== Segment start ==
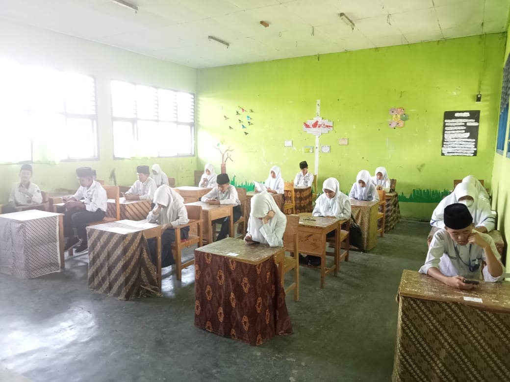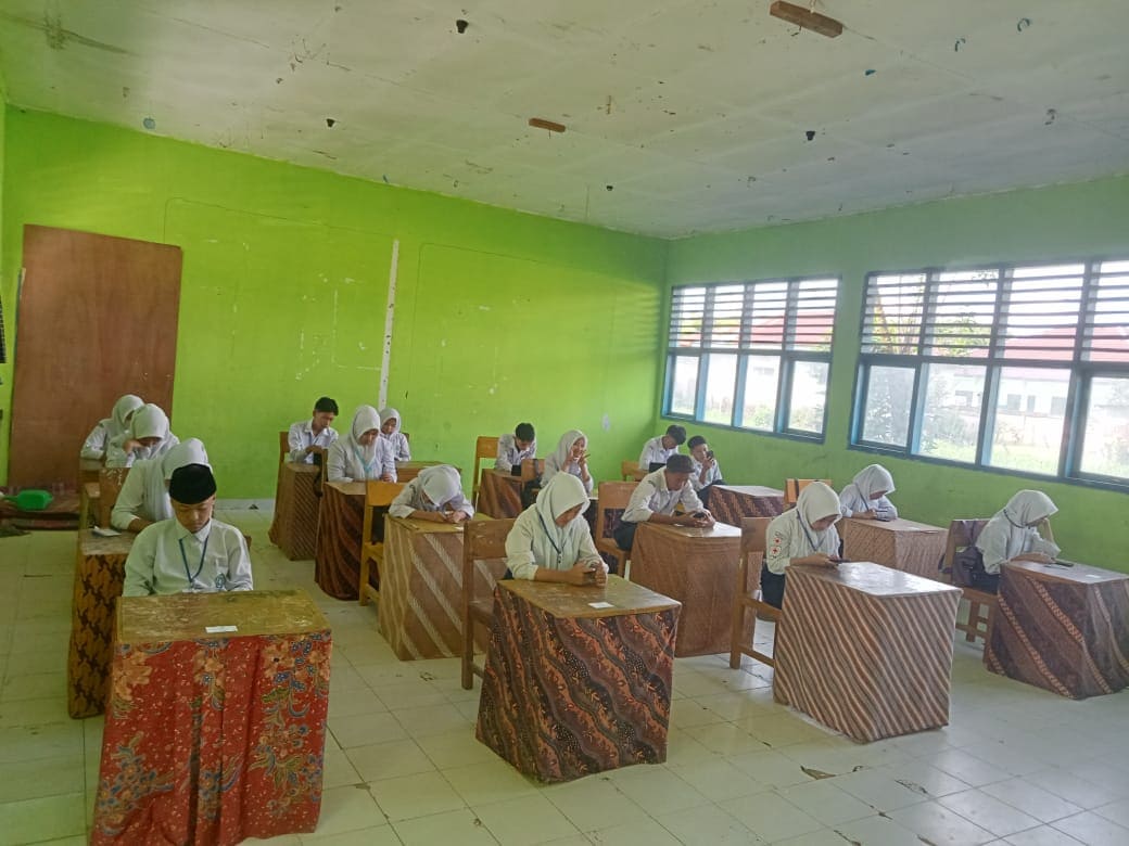 Siswa/i MTsN 2 Sungai Penuh tampak fokus mengerjakan soal-soal ujian. Mereka telah mempersiapkan diri dengan baik dan optimis menghadapi ujian akhir.
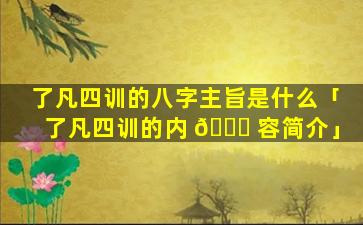明朝袁了凡撰 🐠 写的了凡《四训 💐 》,包 🕊 含以下四训:
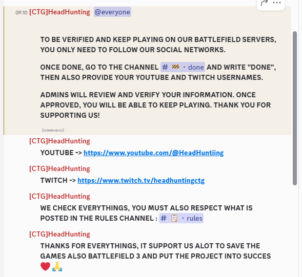 Решил зайти в бф3 и сервер начал сразу требовать зайти в их дискорд сервер иначе забанит навсегда через 5 минут. Оказалось чтобы там играть нужно привязать твич и ютуб в обязательном порядке, пиздец. А еще есть специальные боты которые отслеживают даты создания аккаунта и выгоняют с сервера если твой аккаунт не соответствует их критериям и сама площадка ничего с этими ботами не делает, буквально поддерживая геноцид новых пользователей которых беспричинно банят на половине серваков так как эта хуйня там почти повсеместно, по крайней мере в англоязычном дискорде. Ты новый пользователь, создаешь аккаунт, заходишь на сервер и он моментально пропадает из списка.
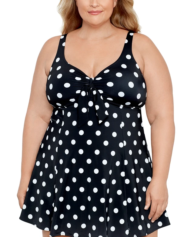 Swim Solutions Plus Tummy Control Bow Front Swimdress, Created For Macy's
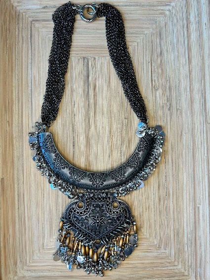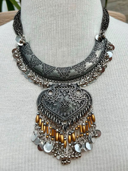 Colar inspirado nos tradicionais colares indianos, feito artesanalmente com detalhes que carregam alma e encanto. Uma peça única, com aquele toque místico que transforma qualquer look.
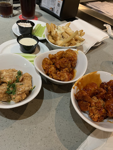 These folks know how to run a great atmosphere and restaurant to its fullest potential and we will be back again! My only hope is that Corporate Wings and Rings sees this, not only to congratulate those 3 wonderful employees, but also to KEEP THE SMOKED TRADITIONAL WINGS on their menu!! This is a trial item on test at this store, and I would put it up against Knock Back Knats in Downtown Cincinnati that charges $1 per wing. Not as big but so much more perfect when it comes to the snap, juiciness, and flavor of the wing! I chose the Medium Sweet Thai Chili flavor and even my wife that hates bones in her chicken ate a bite and said that she would order them! A++++++++ to the service...
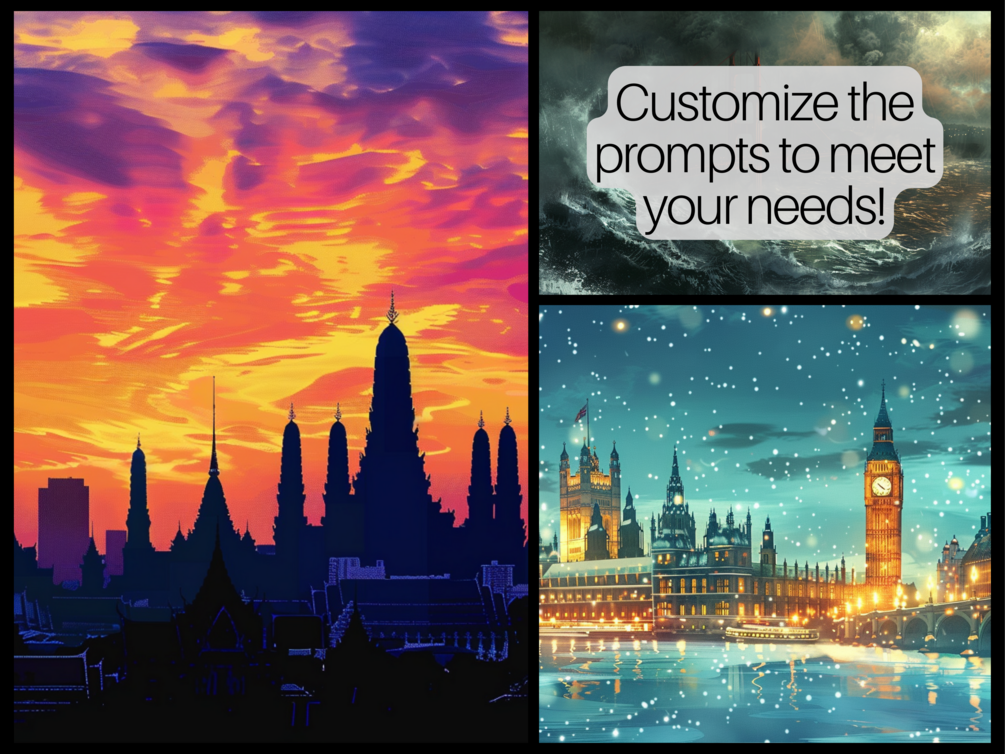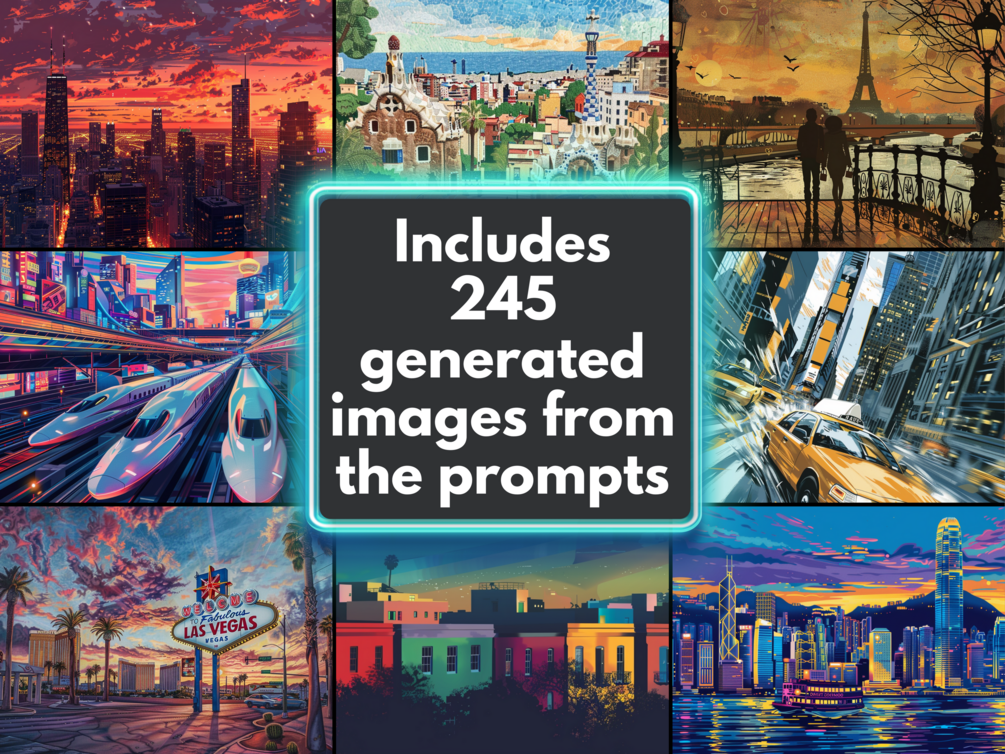 You'll get instant access to over 2000 AI Art Prompts to create stunning cityscape art!
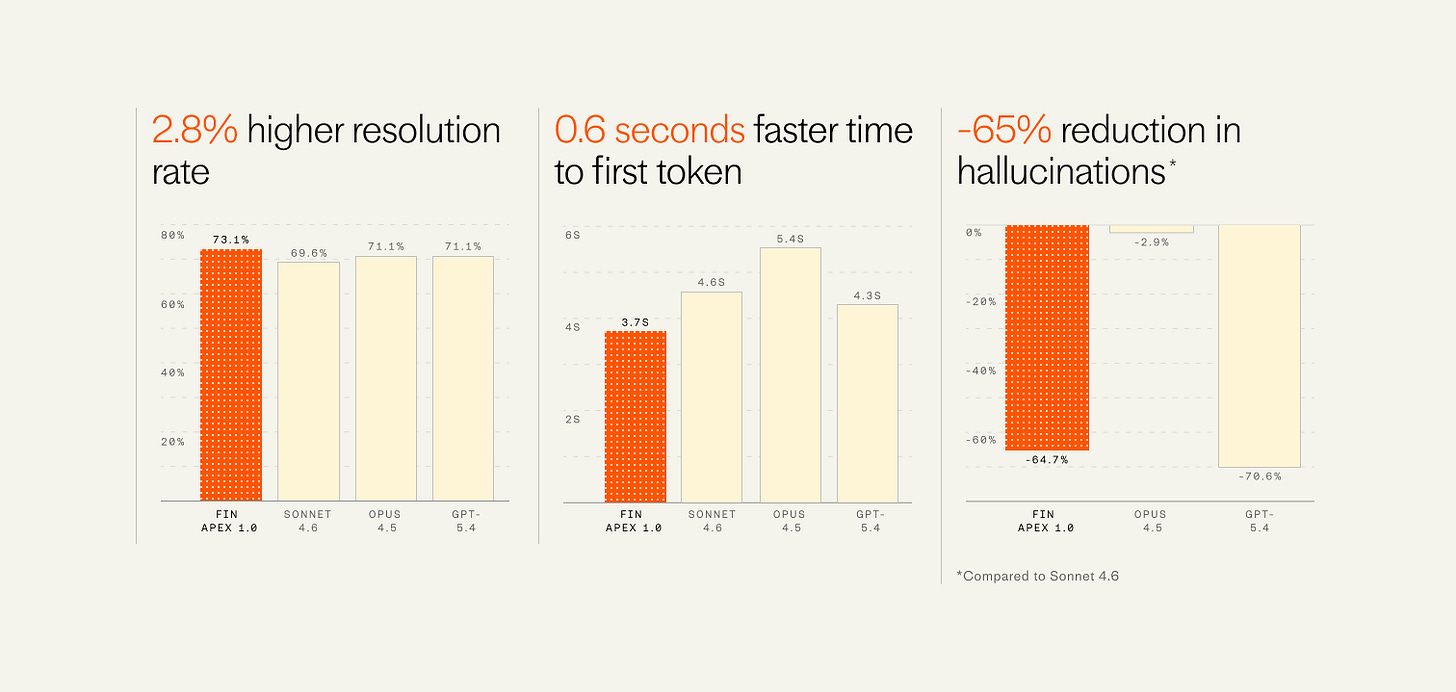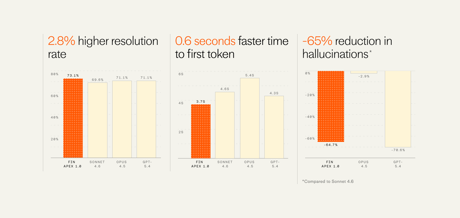 Fin is a customer agent platform that at present resolves over 2M customer issues a week, growing at a rapid exponential pace. It’s relied on by the best brands, large and small, in every vertical you can imagine. From Atlassian and Riot Games, to smaller hot upstarts like Mercury and Polymarket. It runs on a family of models trained by our AI group. Last week, we announced Apex, which is the world’s first specialized customer service LLM. In production tests over the last 6 months, it beat every single frontier model, including those from Anthropic and OpenAI, on resolution rate, latency, hallucination rate, and cost.
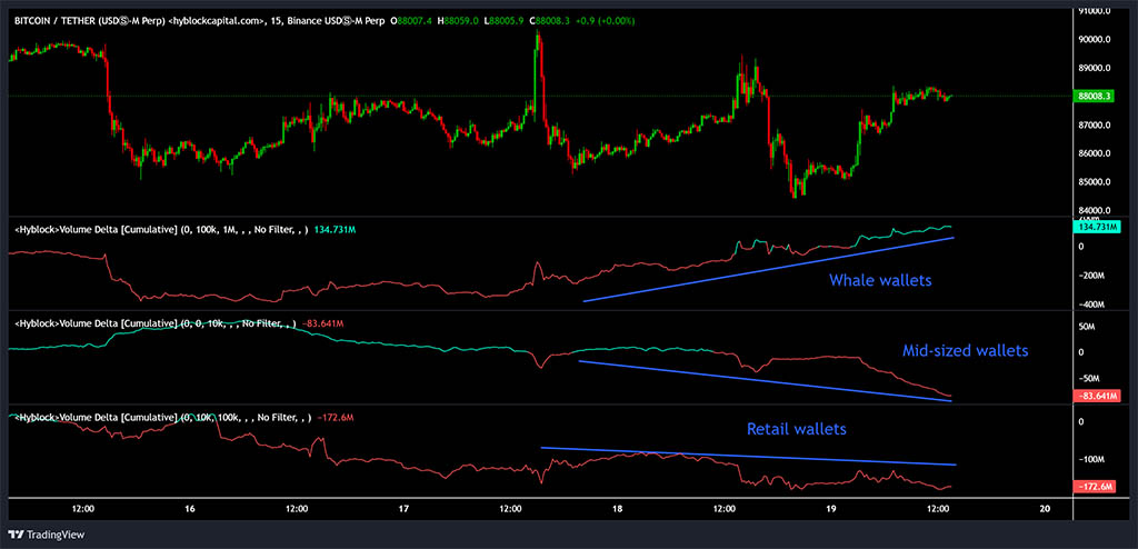 Данные Hyblock подтверждают эту точку зрения. Кумулятивная дельты объема покупателей (CVD), отражающая доминирование покупателей и продавцов, демонстрирует, что объемы операций с крупными суммами (от $100 000 до $10 миллионов) на этой неделе выросли на $135 миллионов.
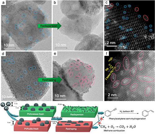 近日,中国科学院大连化学物理研究所催化与新材料研究室杨冰副研究员和催化基础国家重点实验室李杲研究员,以及大连理工大学周思研究员等合作,发展了载体晶相调控Pt/TiO2动态结构演变的新方法,成功实现对活性金属分散度、几何结构的精准控制,以及对反应性能的定向优化。
== Segment end ==
The task:
Only one stretch of the entries above is needed: the lines from the one containing "Colar inspirado nos" through the one containing "These folks know". Copy it exactly, without the pictures.

Output:
 Colar inspirado nos tradicionais colares indianos, feito artesanalmente com detalhes que carregam alma e encanto. Uma peça única, com aquele toque místico que transforma qualquer look.
 These folks know how to run a great atmosphere and restaurant to its fullest potential and we will be back again! My only hope is that Corporate Wings and Rings sees this, not only to congratulate those 3 wonderful employees, but also to KEEP THE SMOKED TRADITIONAL WINGS on their menu!! This is a trial item on test at this store, and I would put it up against Knock Back Knats in Downtown Cincinnati that charges $1 per wing. Not as big but so much more perfect when it comes to the snap, juiciness, and flavor of the wing! I chose the Medium Sweet Thai Chili flavor and even my wife that hates bones in her chicken ate a bite and said that she would order them! A++++++++ to the service...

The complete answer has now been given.